Work instructions: The answer must be only the lines below from the one holding "11 RN-AA0914E ¥37,400 (¥34,000+税)" down to the one holding "المكسب والمرق العمومي", ends included, printed exactly; please omit all pictures.

Material for this exercise:
::::

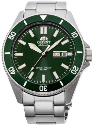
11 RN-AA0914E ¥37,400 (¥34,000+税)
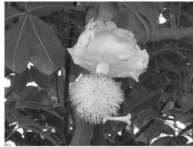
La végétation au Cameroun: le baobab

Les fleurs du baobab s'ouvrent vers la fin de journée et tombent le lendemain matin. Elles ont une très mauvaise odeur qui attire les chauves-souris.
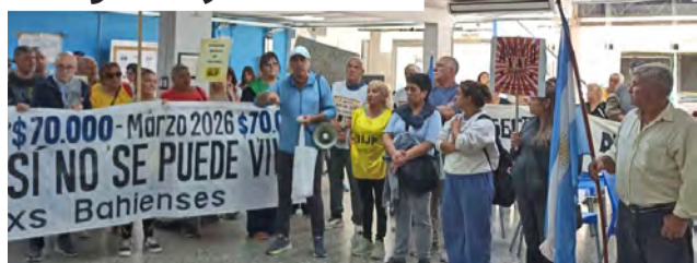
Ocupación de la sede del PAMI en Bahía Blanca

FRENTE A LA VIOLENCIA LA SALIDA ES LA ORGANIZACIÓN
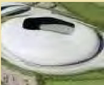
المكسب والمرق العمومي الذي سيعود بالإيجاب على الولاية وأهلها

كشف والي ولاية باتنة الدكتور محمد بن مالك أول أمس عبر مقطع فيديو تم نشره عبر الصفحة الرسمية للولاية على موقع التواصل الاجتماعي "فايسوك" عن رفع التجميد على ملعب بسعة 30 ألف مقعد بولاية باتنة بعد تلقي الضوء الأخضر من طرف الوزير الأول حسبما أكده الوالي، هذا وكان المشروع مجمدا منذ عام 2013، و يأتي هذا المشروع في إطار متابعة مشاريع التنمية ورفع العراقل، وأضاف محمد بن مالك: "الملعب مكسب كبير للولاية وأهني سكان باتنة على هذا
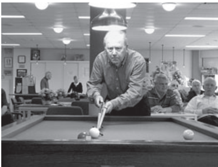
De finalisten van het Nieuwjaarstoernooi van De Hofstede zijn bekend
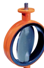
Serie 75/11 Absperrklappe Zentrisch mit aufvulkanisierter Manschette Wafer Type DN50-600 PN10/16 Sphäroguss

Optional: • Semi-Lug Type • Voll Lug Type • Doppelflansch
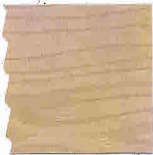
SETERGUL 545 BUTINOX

::::

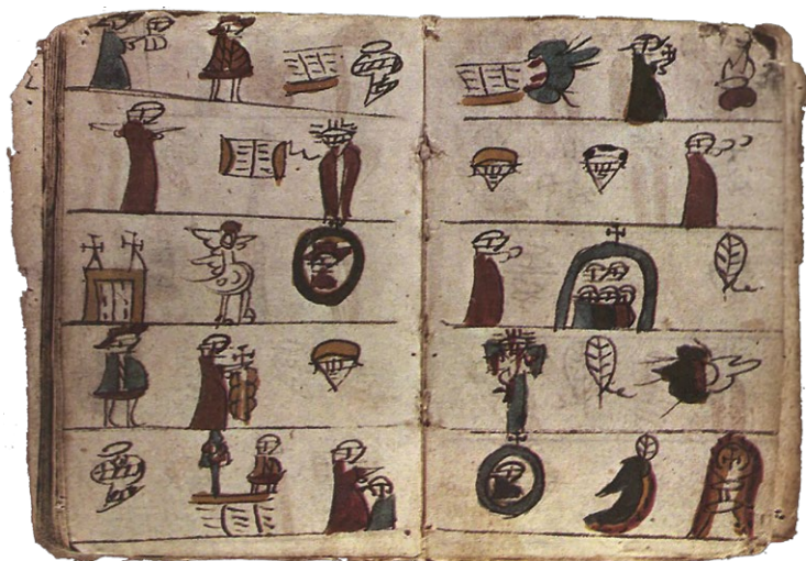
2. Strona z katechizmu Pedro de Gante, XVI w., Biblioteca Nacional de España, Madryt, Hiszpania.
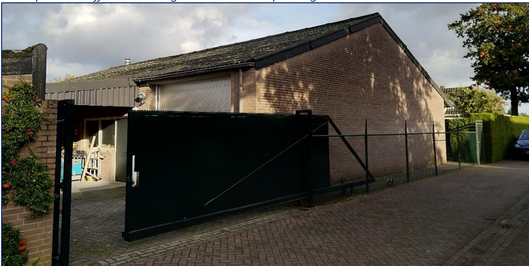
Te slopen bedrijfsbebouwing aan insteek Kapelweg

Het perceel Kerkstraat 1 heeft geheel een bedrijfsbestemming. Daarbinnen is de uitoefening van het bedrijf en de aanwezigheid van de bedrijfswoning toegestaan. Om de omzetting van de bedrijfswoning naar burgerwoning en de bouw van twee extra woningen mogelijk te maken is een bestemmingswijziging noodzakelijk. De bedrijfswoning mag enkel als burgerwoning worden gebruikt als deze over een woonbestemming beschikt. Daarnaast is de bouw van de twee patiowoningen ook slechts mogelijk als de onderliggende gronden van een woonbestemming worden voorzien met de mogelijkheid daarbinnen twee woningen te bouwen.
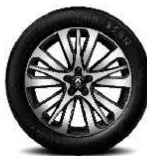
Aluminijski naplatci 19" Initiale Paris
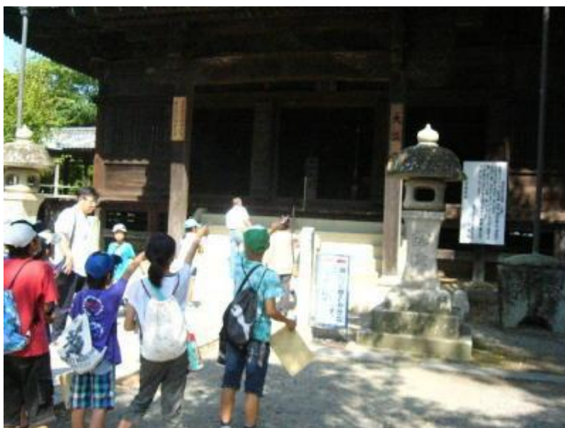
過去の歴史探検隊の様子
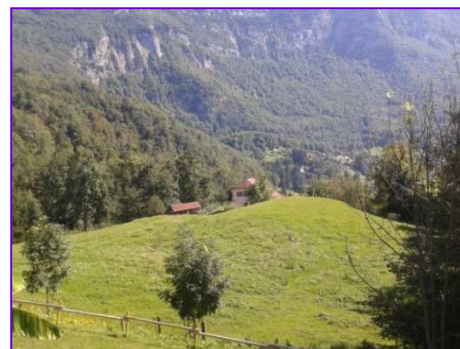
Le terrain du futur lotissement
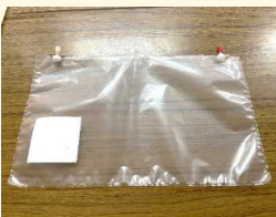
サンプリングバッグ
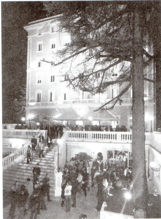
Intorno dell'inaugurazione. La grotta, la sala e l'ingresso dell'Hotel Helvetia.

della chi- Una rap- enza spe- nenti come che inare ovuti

::::

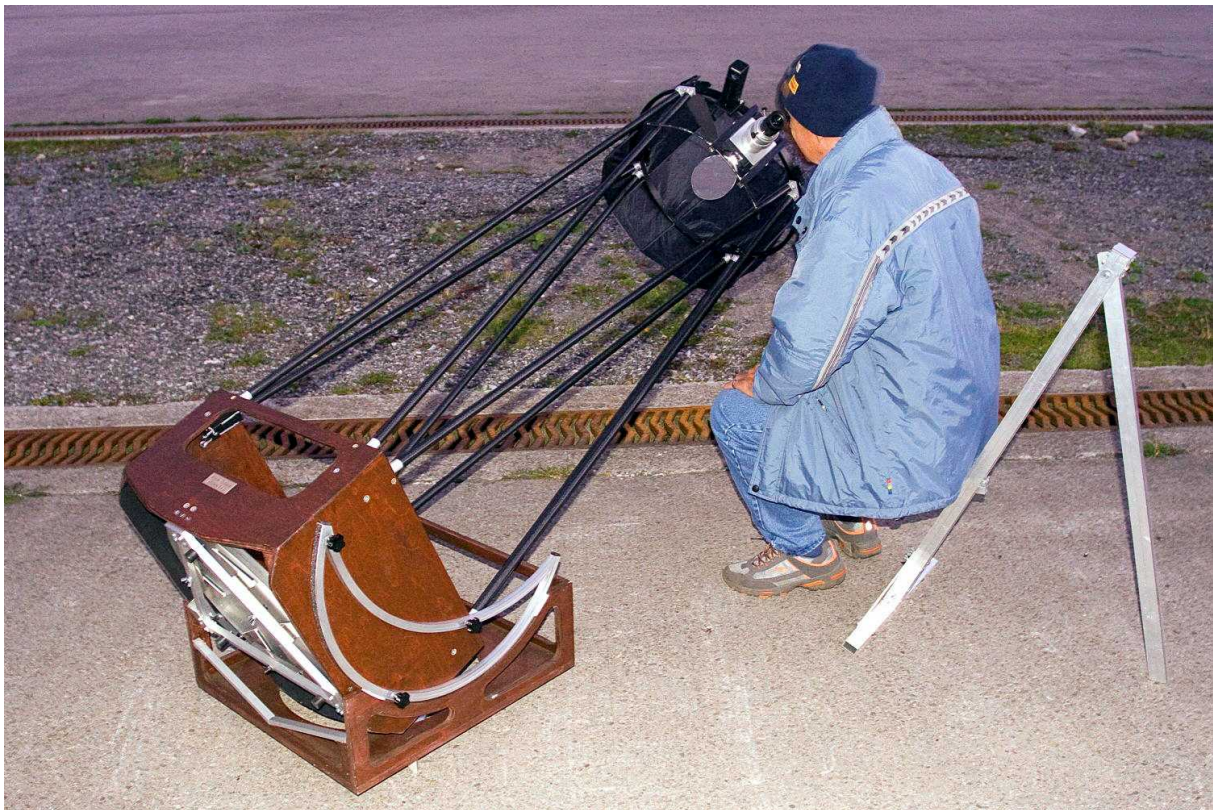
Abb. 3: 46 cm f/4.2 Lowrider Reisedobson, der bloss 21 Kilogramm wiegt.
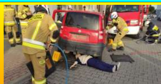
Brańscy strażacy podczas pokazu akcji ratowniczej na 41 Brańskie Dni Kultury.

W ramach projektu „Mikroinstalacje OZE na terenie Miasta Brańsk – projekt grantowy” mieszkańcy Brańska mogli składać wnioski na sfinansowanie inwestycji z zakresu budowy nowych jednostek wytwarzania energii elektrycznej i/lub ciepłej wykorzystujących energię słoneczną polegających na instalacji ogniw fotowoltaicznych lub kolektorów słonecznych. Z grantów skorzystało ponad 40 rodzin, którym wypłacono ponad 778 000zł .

::::

Solution:
11 RN-AA0914E ¥37,400 (¥34,000+税)
La végétation au Cameroun: le baobab

Les fleurs du baobab s'ouvrent vers la fin de journée et tombent le lendemain matin. Elles ont une très mauvaise odeur qui attire les chauves-souris.
Ocupación de la sede del PAMI en Bahía Blanca

FRENTE A LA VIOLENCIA LA SALIDA ES LA ORGANIZACIÓN
المكسب والمرق العمومي الذي سيعود بالإيجاب على الولاية وأهلها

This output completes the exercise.